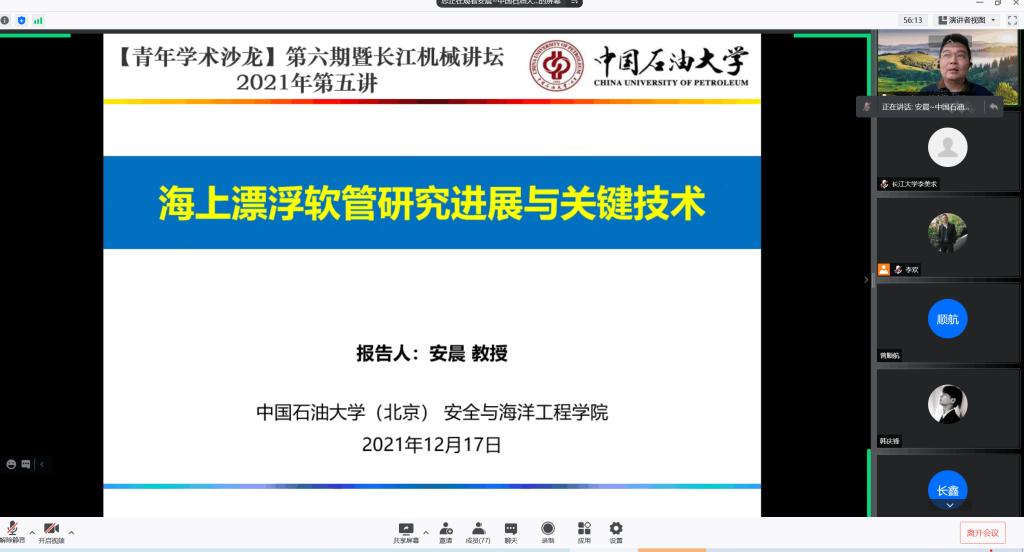2021年12月17日(星期五)下午14:00,公司通过线上腾讯会议的方式成功举办青年学术沙龙第六期暨长江机械讲坛第五讲活动,会议荣幸邀请到中国石油大学(北京)安晨教授和张玉教授为大家做了精彩的报告。
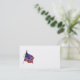 A business card template with a vintage etching of a US flag in retro red, white and blue, flying proudly on a flagpole topped with an American eagle and a rope with a tassel. Click Customize It to add your name or message.
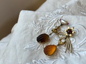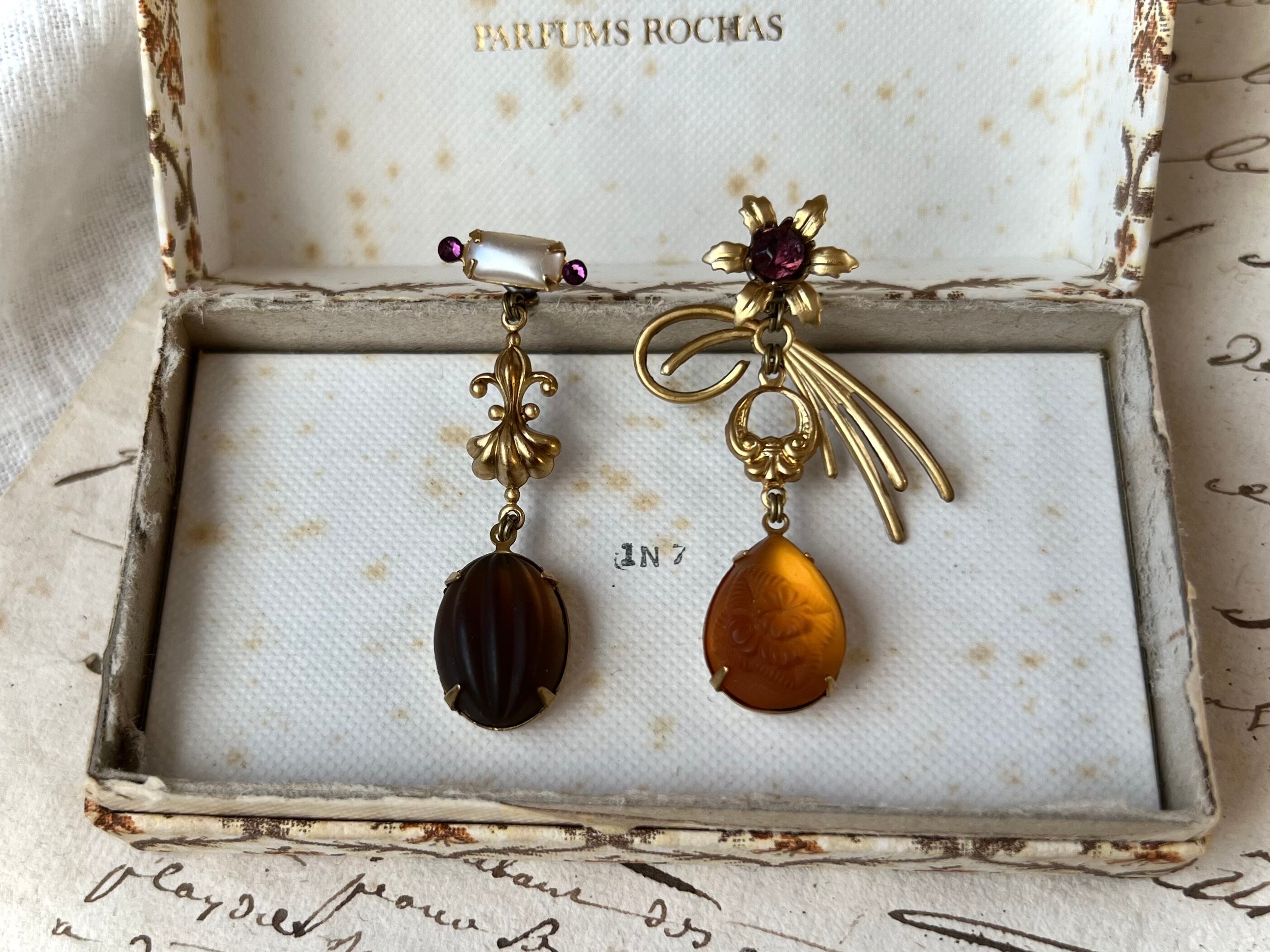 ヴィンテージパーツを使用してアシンメトリーなピアスを作りました。
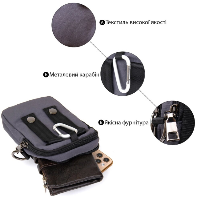 Маленька сумка на пояс, яка замінить вам барсетку. Сумка з нейлону дуже легка і практична. Виріб має необхідний функціонал. Сумку можна підчепити на лямки ременя за допомогою карабіна. Маленька текстильна сумка - ідеальний варіант на літо. Аксесуар доповнено якісною фурнітурою і має бюджетну вартість. Сумочка буде ідеальним подарунком для ваших близьких.
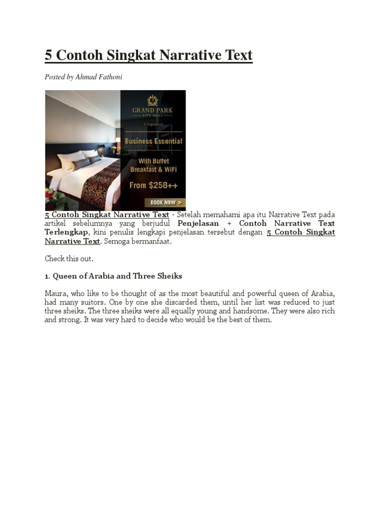 Narrative text dapat kita temukan pada saat sekolah smp kelas 8 dan 9 dan mungkin ada saat sekolah sma. 6 contoh narrative text singkat 3 paragraf dan arti kalau masih ingin tahu cerita fable tentang tingkah laku binatang yang diproyeksikan seperti manusia bisa membaca. Kalau sebelumnya pengertian lengkap dan contoh narrative text khususnya text narrative yang berbentuk legenda telah kita pelajari pada halaman ini giliran contoh narrative text example of narrative text dan terjemahannya yang lain yang akan kita bahas. Contoh narrative text singkat beserta artinya. Semoga juga bisa menambah wawasan anda mengenai contoh narrative text.
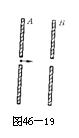 图46-19中A、B是一对中间开有小孔的平行金属板,两小孔的连线与金属板面相垂直,两极板的距离为l,两极板加低频交流电.A板电势为零,B板电势
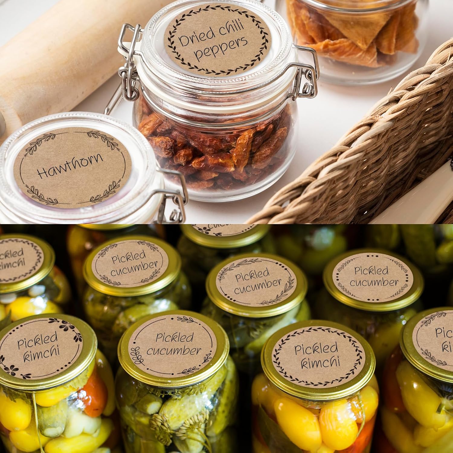 2" Brown Label Stickers for Jars and Lids, Kraft Sticker Labels for Pantry, Mason Jars, Canning, Bottles, 6 Different Drawn Wreath Designs, Kraft Paper/ 500pcs
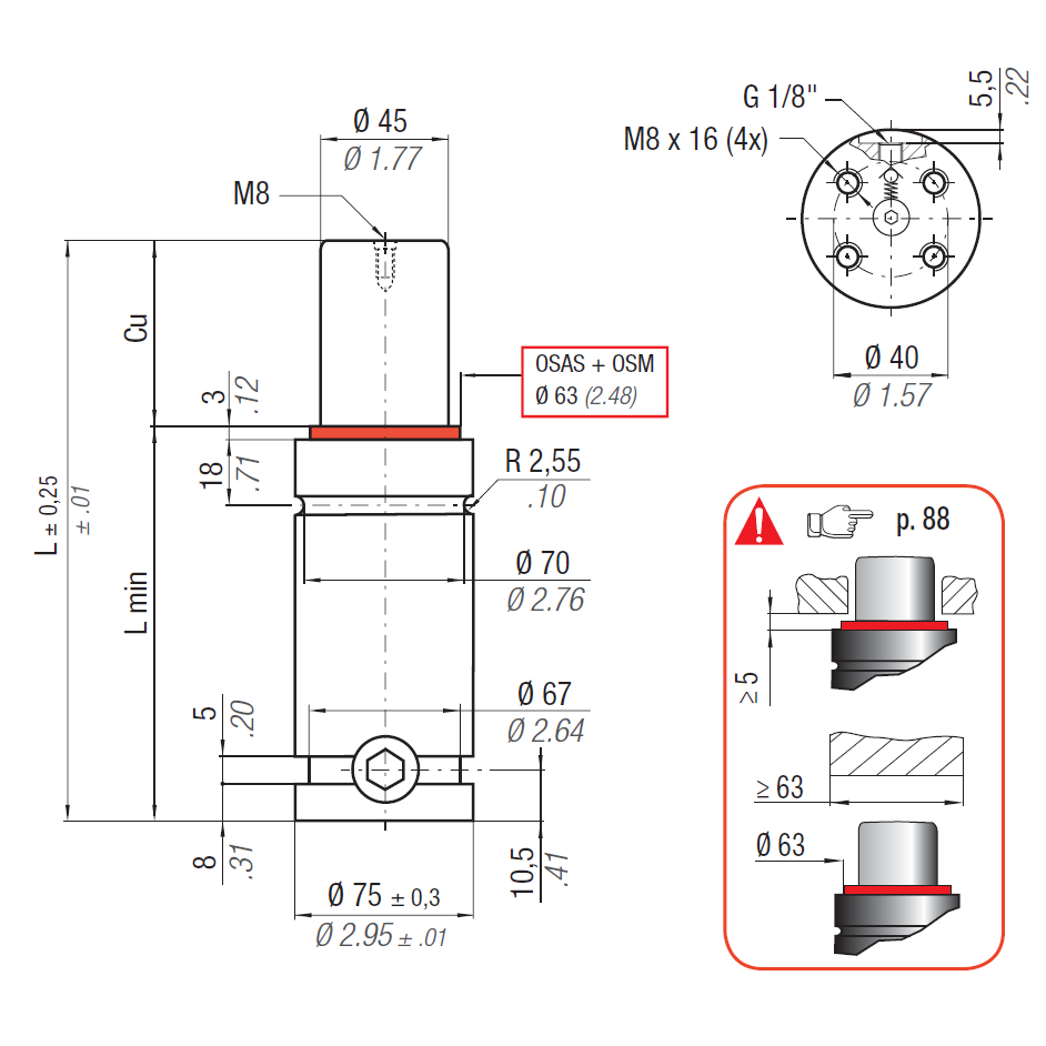 RG2400 Series - Minimum height, maximum force, hose cylinder with G1/8 charging port.
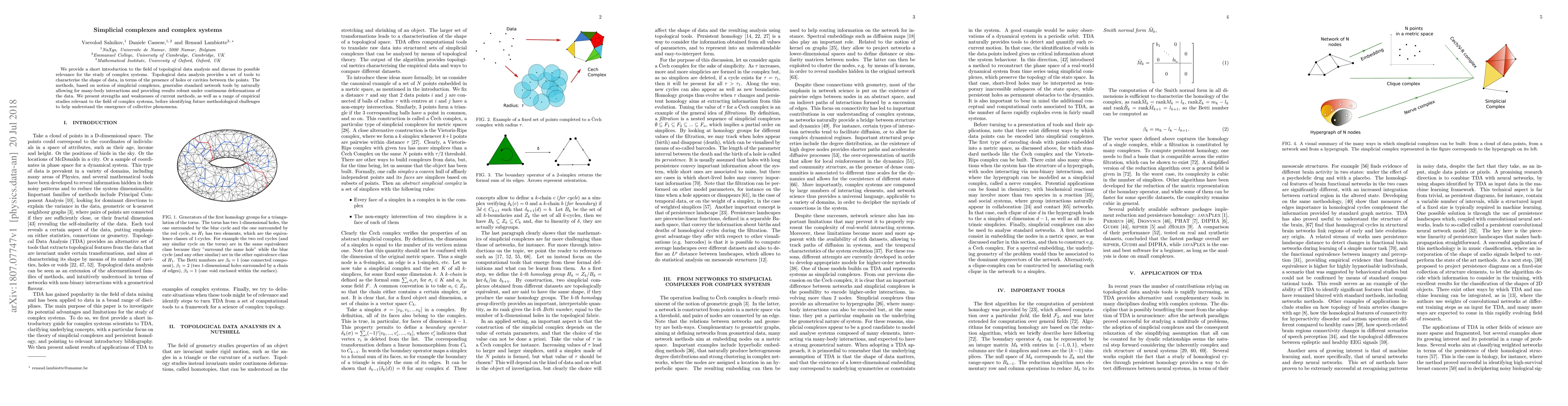 We provide a short introduction to the field of topological data analysis and discuss its possible relevance for the study of complex systems. Topological data analysis provides a set of tools to characterise the shape of data, in terms of the presence of holes or cavities between the points. The methods, based on notion of simplicial complexes, generalise standard network tools by naturally allowing for many-body interactions and providing results robust under continuous deformations of the data. We present strengths and weaknesses of current methods, as well as a range of empirical studies relevant to the field of complex systems, before identifying future methodological challenges to help understand the emergence of collective phenomena.

□ □ □ □

Every entry must be reproduced exactly, with the images left out.

2021年12月17日(星期五)下午14:00,公司通过线上腾讯会议的方式成功举办青年学术沙龙第六期暨长江机械讲坛第五讲活动,会议荣幸邀请到中国石油大学(北京)安晨教授和张玉教授为大家做了精彩的报告。
 A business card template with a vintage etching of a US flag in retro red, white and blue, flying proudly on a flagpole topped with an American eagle and a rope with a tassel. Click Customize It to add your name or message.
 ヴィンテージパーツを使用してアシンメトリーなピアスを作りました。
 Маленька сумка на пояс, яка замінить вам барсетку. Сумка з нейлону дуже легка і практична. Виріб має необхідний функціонал. Сумку можна підчепити на лямки ременя за допомогою карабіна. Маленька текстильна сумка - ідеальний варіант на літо. Аксесуар доповнено якісною фурнітурою і має бюджетну вартість. Сумочка буде ідеальним подарунком для ваших близьких.
 Narrative text dapat kita temukan pada saat sekolah smp kelas 8 dan 9 dan mungkin ada saat sekolah sma. 6 contoh narrative text singkat 3 paragraf dan arti kalau masih ingin tahu cerita fable tentang tingkah laku binatang yang diproyeksikan seperti manusia bisa membaca. Kalau sebelumnya pengertian lengkap dan contoh narrative text khususnya text narrative yang berbentuk legenda telah kita pelajari pada halaman ini giliran contoh narrative text example of narrative text dan terjemahannya yang lain yang akan kita bahas. Contoh narrative text singkat beserta artinya. Semoga juga bisa menambah wawasan anda mengenai contoh narrative text.
 图46-19中A、B是一对中间开有小孔的平行金属板,两小孔的连线与金属板面相垂直,两极板的距离为l,两极板加低频交流电.A板电势为零,B板电势
 2" Brown Label Stickers for Jars and Lids, Kraft Sticker Labels for Pantry, Mason Jars, Canning, Bottles, 6 Different Drawn Wreath Designs, Kraft Paper/ 500pcs
 RG2400 Series - Minimum height, maximum force, hose cylinder with G1/8 charging port.
 We provide a short introduction to the field of topological data analysis and discuss its possible relevance for the study of complex systems. Topological data analysis provides a set of tools to characterise the shape of data, in terms of the presence of holes or cavities between the points. The methods, based on notion of simplicial complexes, generalise standard network tools by naturally allowing for many-body interactions and providing results robust under continuous deformations of the data. We present strengths and weaknesses of current methods, as well as a range of empirical studies relevant to the field of complex systems, before identifying future methodological challenges to help understand the emergence of collective phenomena.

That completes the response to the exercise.